→ What needs to be done
Please return all of the records verbatim, with the pictures omitted.

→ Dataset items
·····
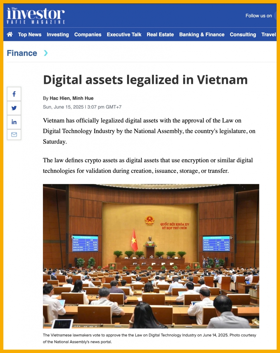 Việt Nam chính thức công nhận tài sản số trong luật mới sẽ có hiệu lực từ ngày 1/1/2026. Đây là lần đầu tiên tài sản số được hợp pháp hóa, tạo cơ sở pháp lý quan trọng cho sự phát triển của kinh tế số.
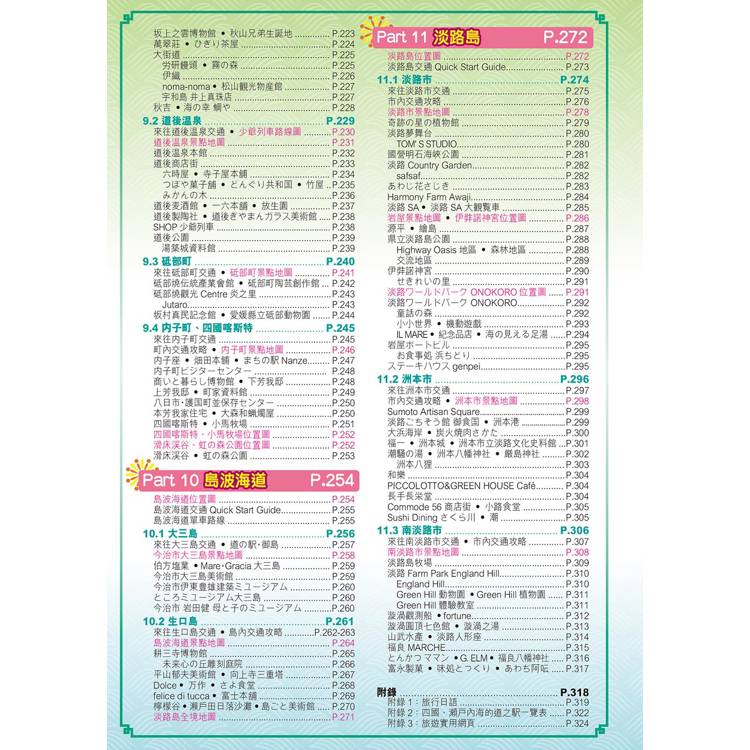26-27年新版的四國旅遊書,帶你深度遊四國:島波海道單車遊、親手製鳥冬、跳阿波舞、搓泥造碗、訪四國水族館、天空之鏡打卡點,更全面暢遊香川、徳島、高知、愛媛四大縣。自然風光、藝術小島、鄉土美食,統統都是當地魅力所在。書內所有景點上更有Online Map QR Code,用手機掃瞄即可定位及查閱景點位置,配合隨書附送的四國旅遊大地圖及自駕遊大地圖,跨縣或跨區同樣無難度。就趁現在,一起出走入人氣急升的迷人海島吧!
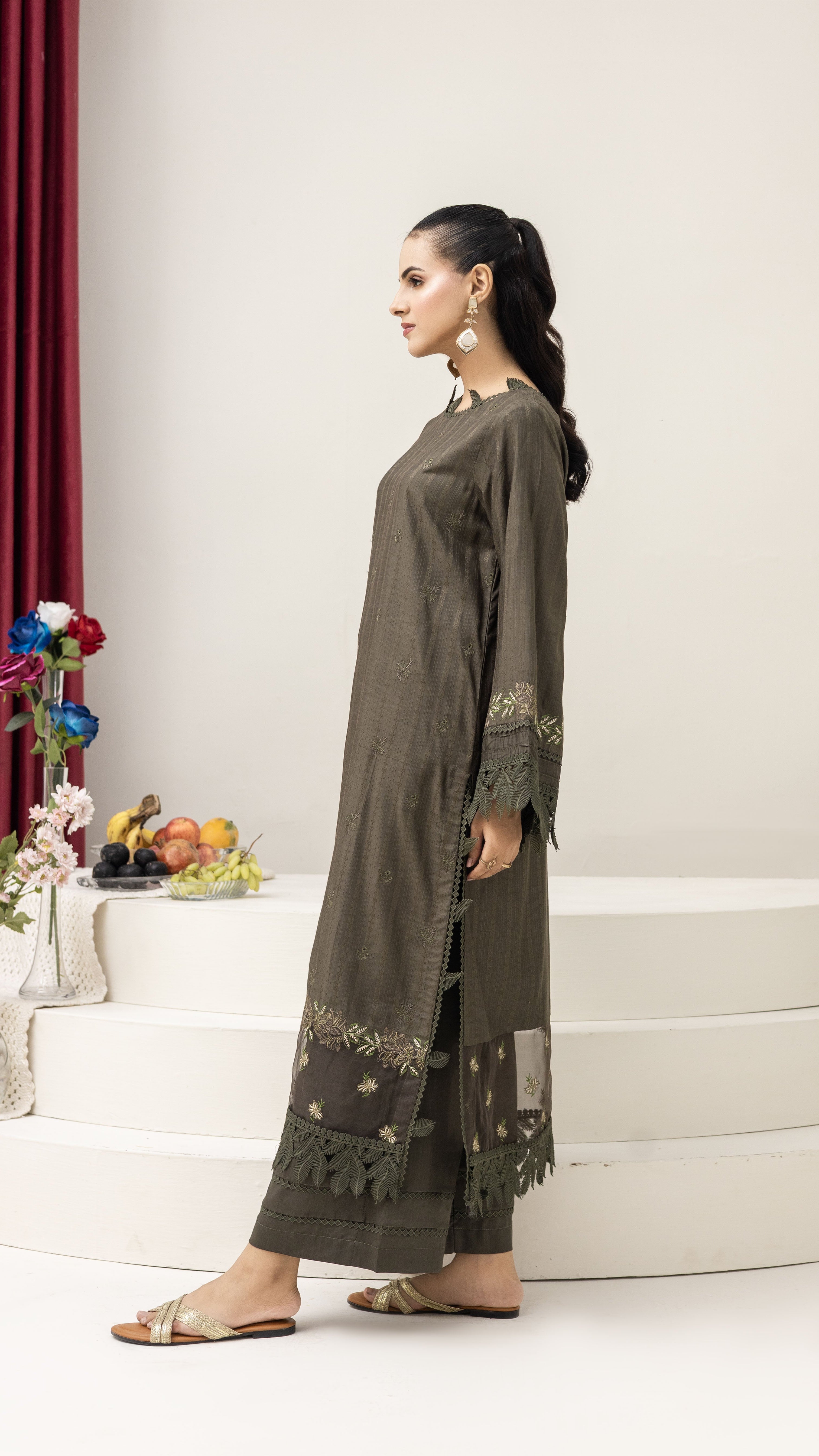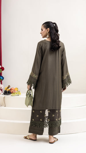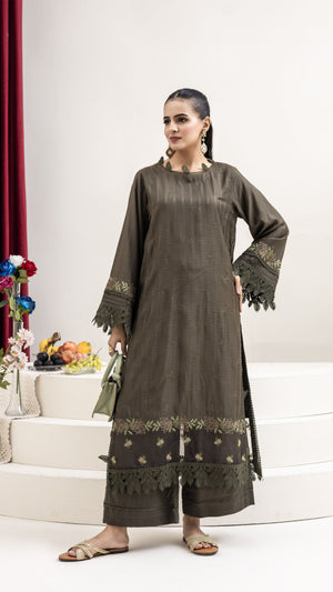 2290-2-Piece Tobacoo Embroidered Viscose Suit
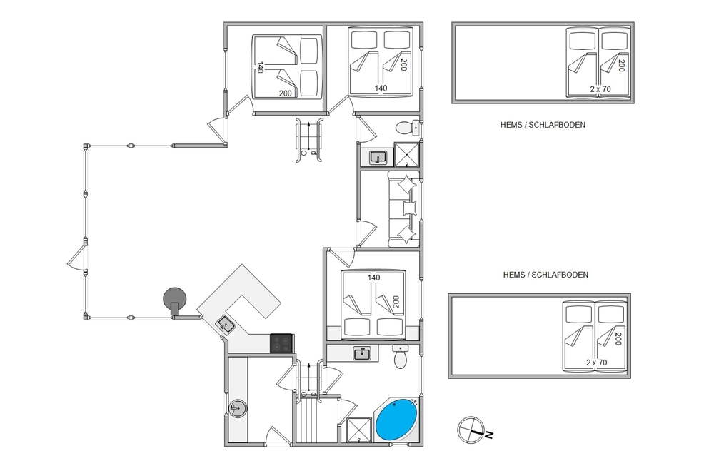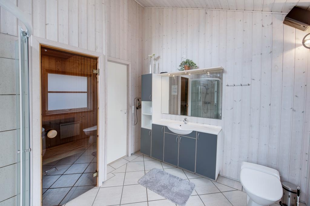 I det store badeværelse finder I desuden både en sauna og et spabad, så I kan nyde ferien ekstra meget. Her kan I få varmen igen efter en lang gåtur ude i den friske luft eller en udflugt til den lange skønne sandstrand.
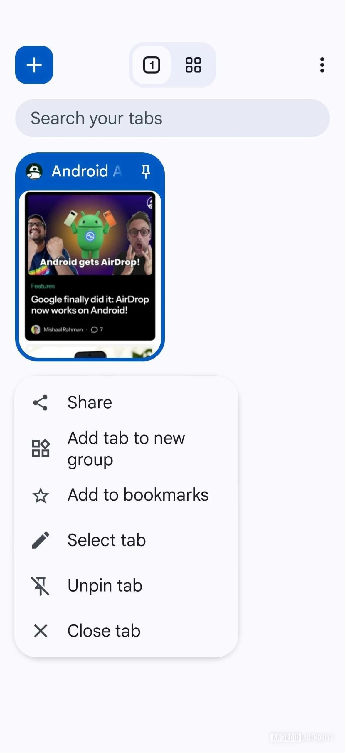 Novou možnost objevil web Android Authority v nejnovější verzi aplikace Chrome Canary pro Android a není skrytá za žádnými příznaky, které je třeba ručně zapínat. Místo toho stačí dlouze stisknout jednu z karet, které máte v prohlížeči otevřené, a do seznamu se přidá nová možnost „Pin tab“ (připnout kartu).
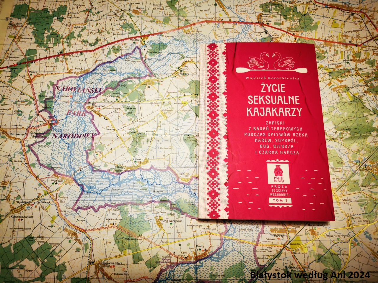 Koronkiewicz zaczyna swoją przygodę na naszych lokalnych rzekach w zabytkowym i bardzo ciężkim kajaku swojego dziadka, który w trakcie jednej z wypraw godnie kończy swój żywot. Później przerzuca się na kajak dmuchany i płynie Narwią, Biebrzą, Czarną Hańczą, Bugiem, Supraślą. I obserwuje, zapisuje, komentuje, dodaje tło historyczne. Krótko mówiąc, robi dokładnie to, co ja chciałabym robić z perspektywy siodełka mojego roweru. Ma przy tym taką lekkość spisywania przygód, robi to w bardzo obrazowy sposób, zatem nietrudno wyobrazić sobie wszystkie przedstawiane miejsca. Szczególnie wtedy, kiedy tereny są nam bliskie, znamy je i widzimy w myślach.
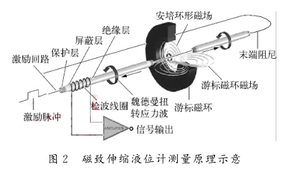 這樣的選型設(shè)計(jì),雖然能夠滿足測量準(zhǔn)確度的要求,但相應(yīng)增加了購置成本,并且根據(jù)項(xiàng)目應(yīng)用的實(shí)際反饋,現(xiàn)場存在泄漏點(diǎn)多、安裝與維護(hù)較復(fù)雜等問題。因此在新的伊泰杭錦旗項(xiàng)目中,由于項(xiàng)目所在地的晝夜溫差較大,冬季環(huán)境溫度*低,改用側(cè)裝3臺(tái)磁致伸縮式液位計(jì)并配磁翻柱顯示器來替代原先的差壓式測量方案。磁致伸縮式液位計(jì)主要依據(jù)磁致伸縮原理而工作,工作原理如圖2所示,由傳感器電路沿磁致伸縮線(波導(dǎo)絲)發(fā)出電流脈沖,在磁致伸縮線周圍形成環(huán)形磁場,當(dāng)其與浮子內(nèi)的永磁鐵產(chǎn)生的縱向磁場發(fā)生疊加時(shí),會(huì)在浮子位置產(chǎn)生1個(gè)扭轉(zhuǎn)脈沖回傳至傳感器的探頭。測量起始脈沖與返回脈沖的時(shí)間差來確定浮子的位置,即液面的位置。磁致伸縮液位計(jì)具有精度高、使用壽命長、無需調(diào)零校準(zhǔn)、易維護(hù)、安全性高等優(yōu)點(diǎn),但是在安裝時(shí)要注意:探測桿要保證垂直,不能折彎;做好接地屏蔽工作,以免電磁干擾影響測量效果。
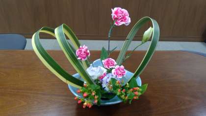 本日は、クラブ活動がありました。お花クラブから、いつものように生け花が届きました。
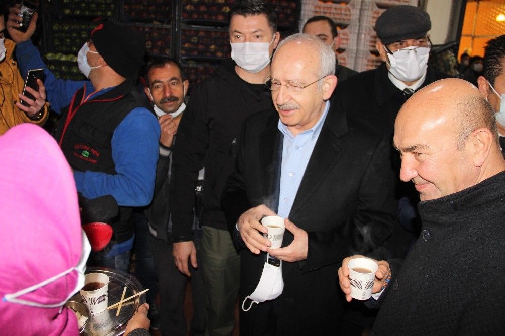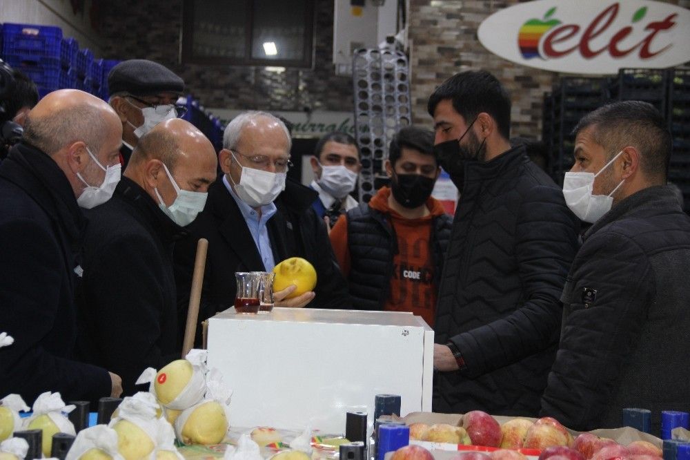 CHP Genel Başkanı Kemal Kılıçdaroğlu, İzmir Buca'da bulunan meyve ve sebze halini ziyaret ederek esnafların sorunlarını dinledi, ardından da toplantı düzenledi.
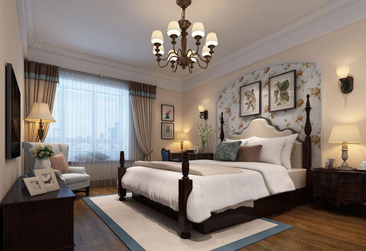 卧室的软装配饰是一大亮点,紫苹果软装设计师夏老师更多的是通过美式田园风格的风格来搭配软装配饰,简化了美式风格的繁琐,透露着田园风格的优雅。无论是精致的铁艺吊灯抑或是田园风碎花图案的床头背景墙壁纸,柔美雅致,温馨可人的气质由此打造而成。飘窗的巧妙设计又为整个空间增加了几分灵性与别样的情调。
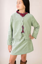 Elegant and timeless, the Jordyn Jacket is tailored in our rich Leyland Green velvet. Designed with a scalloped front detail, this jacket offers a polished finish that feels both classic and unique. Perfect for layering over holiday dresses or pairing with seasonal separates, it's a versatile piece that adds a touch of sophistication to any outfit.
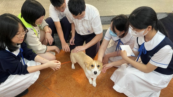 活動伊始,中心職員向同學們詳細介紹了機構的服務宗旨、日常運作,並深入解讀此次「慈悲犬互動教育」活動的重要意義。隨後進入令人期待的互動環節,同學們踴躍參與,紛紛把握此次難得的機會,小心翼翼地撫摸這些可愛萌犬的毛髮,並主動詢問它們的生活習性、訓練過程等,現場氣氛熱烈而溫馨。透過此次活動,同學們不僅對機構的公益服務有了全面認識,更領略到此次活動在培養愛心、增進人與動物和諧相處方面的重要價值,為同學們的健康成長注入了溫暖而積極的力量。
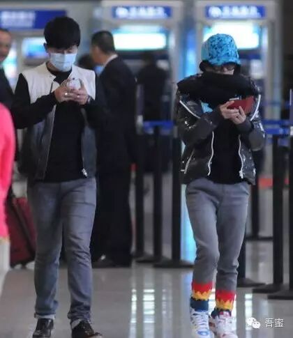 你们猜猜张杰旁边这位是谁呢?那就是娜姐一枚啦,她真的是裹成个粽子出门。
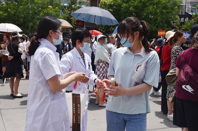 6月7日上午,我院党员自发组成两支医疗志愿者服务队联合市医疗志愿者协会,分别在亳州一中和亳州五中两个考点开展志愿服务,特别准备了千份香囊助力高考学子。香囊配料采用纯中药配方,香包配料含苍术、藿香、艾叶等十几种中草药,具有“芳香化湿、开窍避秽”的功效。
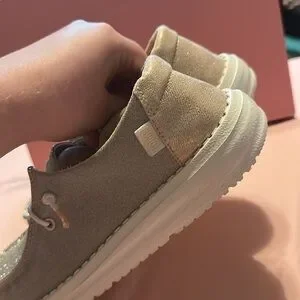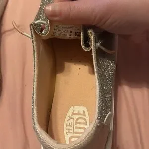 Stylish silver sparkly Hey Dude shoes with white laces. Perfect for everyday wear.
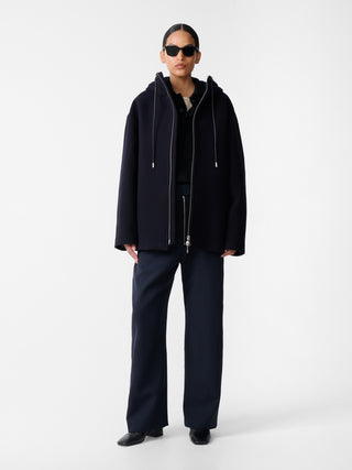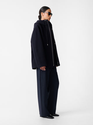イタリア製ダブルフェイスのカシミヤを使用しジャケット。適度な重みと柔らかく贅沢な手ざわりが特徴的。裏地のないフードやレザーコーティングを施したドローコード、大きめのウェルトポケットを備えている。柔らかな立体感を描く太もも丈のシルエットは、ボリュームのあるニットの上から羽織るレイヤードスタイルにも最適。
·····
→ Solution to the problem
 Việt Nam chính thức công nhận tài sản số trong luật mới sẽ có hiệu lực từ ngày 1/1/2026. Đây là lần đầu tiên tài sản số được hợp pháp hóa, tạo cơ sở pháp lý quan trọng cho sự phát triển của kinh tế số.
26-27年新版的四國旅遊書,帶你深度遊四國:島波海道單車遊、親手製鳥冬、跳阿波舞、搓泥造碗、訪四國水族館、天空之鏡打卡點,更全面暢遊香川、徳島、高知、愛媛四大縣。自然風光、藝術小島、鄉土美食,統統都是當地魅力所在。書內所有景點上更有Online Map QR Code,用手機掃瞄即可定位及查閱景點位置,配合隨書附送的四國旅遊大地圖及自駕遊大地圖,跨縣或跨區同樣無難度。就趁現在,一起出走入人氣急升的迷人海島吧!
 2290-2-Piece Tobacoo Embroidered Viscose Suit
 I det store badeværelse finder I desuden både en sauna og et spabad, så I kan nyde ferien ekstra meget. Her kan I få varmen igen efter en lang gåtur ude i den friske luft eller en udflugt til den lange skønne sandstrand.
 Novou možnost objevil web Android Authority v nejnovější verzi aplikace Chrome Canary pro Android a není skrytá za žádnými příznaky, které je třeba ručně zapínat. Místo toho stačí dlouze stisknout jednu z karet, které máte v prohlížeči otevřené, a do seznamu se přidá nová možnost „Pin tab“ (připnout kartu).
 Koronkiewicz zaczyna swoją przygodę na naszych lokalnych rzekach w zabytkowym i bardzo ciężkim kajaku swojego dziadka, który w trakcie jednej z wypraw godnie kończy swój żywot. Później przerzuca się na kajak dmuchany i płynie Narwią, Biebrzą, Czarną Hańczą, Bugiem, Supraślą. I obserwuje, zapisuje, komentuje, dodaje tło historyczne. Krótko mówiąc, robi dokładnie to, co ja chciałabym robić z perspektywy siodełka mojego roweru. Ma przy tym taką lekkość spisywania przygód, robi to w bardzo obrazowy sposób, zatem nietrudno wyobrazić sobie wszystkie przedstawiane miejsca. Szczególnie wtedy, kiedy tereny są nam bliskie, znamy je i widzimy w myślach.
 這樣的選型設(shè)計(jì),雖然能夠滿足測量準(zhǔn)確度的要求,但相應(yīng)增加了購置成本,并且根據(jù)項(xiàng)目應(yīng)用的實(shí)際反饋,現(xiàn)場存在泄漏點(diǎn)多、安裝與維護(hù)較復(fù)雜等問題。因此在新的伊泰杭錦旗項(xiàng)目中,由于項(xiàng)目所在地的晝夜溫差較大,冬季環(huán)境溫度*低,改用側(cè)裝3臺(tái)磁致伸縮式液位計(jì)并配磁翻柱顯示器來替代原先的差壓式測量方案。磁致伸縮式液位計(jì)主要依據(jù)磁致伸縮原理而工作,工作原理如圖2所示,由傳感器電路沿磁致伸縮線(波導(dǎo)絲)發(fā)出電流脈沖,在磁致伸縮線周圍形成環(huán)形磁場,當(dāng)其與浮子內(nèi)的永磁鐵產(chǎn)生的縱向磁場發(fā)生疊加時(shí),會(huì)在浮子位置產(chǎn)生1個(gè)扭轉(zhuǎn)脈沖回傳至傳感器的探頭。測量起始脈沖與返回脈沖的時(shí)間差來確定浮子的位置,即液面的位置。磁致伸縮液位計(jì)具有精度高、使用壽命長、無需調(diào)零校準(zhǔn)、易維護(hù)、安全性高等優(yōu)點(diǎn),但是在安裝時(shí)要注意:探測桿要保證垂直,不能折彎;做好接地屏蔽工作,以免電磁干擾影響測量效果。
 本日は、クラブ活動がありました。お花クラブから、いつものように生け花が届きました。
 CHP Genel Başkanı Kemal Kılıçdaroğlu, İzmir Buca'da bulunan meyve ve sebze halini ziyaret ederek esnafların sorunlarını dinledi, ardından da toplantı düzenledi.
 卧室的软装配饰是一大亮点,紫苹果软装设计师夏老师更多的是通过美式田园风格的风格来搭配软装配饰,简化了美式风格的繁琐,透露着田园风格的优雅。无论是精致的铁艺吊灯抑或是田园风碎花图案的床头背景墙壁纸,柔美雅致,温馨可人的气质由此打造而成。飘窗的巧妙设计又为整个空间增加了几分灵性与别样的情调。
 Elegant and timeless, the Jordyn Jacket is tailored in our rich Leyland Green velvet. Designed with a scalloped front detail, this jacket offers a polished finish that feels both classic and unique. Perfect for layering over holiday dresses or pairing with seasonal separates, it's a versatile piece that adds a touch of sophistication to any outfit.
 活動伊始,中心職員向同學們詳細介紹了機構的服務宗旨、日常運作,並深入解讀此次「慈悲犬互動教育」活動的重要意義。隨後進入令人期待的互動環節,同學們踴躍參與,紛紛把握此次難得的機會,小心翼翼地撫摸這些可愛萌犬的毛髮,並主動詢問它們的生活習性、訓練過程等,現場氣氛熱烈而溫馨。透過此次活動,同學們不僅對機構的公益服務有了全面認識,更領略到此次活動在培養愛心、增進人與動物和諧相處方面的重要價值,為同學們的健康成長注入了溫暖而積極的力量。
 你们猜猜张杰旁边这位是谁呢?那就是娜姐一枚啦,她真的是裹成个粽子出门。
 6月7日上午,我院党员自发组成两支医疗志愿者服务队联合市医疗志愿者协会,分别在亳州一中和亳州五中两个考点开展志愿服务,特别准备了千份香囊助力高考学子。香囊配料采用纯中药配方,香包配料含苍术、藿香、艾叶等十几种中草药,具有“芳香化湿、开窍避秽”的功效。
 Stylish silver sparkly Hey Dude shoes with white laces. Perfect for everyday wear.
イタリア製ダブルフェイスのカシミヤを使用しジャケット。適度な重みと柔らかく贅沢な手ざわりが特徴的。裏地のないフードやレザーコーティングを施したドローコード、大きめのウェルトポケットを備えている。柔らかな立体感を描く太もも丈のシルエットは、ボリュームのあるニットの上から羽織るレイヤードスタイルにも最適。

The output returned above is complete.